DATA FOR ANALYSIS section start

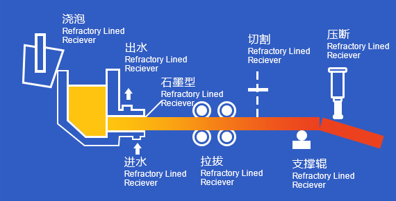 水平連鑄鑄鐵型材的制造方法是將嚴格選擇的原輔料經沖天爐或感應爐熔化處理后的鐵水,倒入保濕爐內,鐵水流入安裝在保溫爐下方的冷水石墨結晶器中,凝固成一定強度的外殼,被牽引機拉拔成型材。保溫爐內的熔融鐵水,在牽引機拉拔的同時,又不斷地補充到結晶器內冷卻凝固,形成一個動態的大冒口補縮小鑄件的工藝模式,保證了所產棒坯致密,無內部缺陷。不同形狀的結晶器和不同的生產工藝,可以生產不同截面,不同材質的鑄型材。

DATA FOR ANALYSIS section end
DATA FOR ANALYSIS section start

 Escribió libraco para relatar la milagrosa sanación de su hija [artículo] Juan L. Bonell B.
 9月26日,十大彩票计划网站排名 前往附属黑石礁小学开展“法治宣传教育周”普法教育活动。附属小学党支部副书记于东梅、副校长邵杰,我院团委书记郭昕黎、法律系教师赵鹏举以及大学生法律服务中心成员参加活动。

DATA FOR ANALYSIS section end

* TASK PROMPT
Lines to set down from above: the line with "Escribió libraco para", the line with "9月26日,十大彩票计划网站", and every line between, each exactly as written.

* RESULT
 Escribió libraco para relatar la milagrosa sanación de su hija [artículo] Juan L. Bonell B.
 9月26日,十大彩票计划网站排名 前往附属黑石礁小学开展“法治宣传教育周”普法教育活动。附属小学党支部副书记于东梅、副校长邵杰,我院团委书记郭昕黎、法律系教师赵鹏举以及大学生法律服务中心成员参加活动。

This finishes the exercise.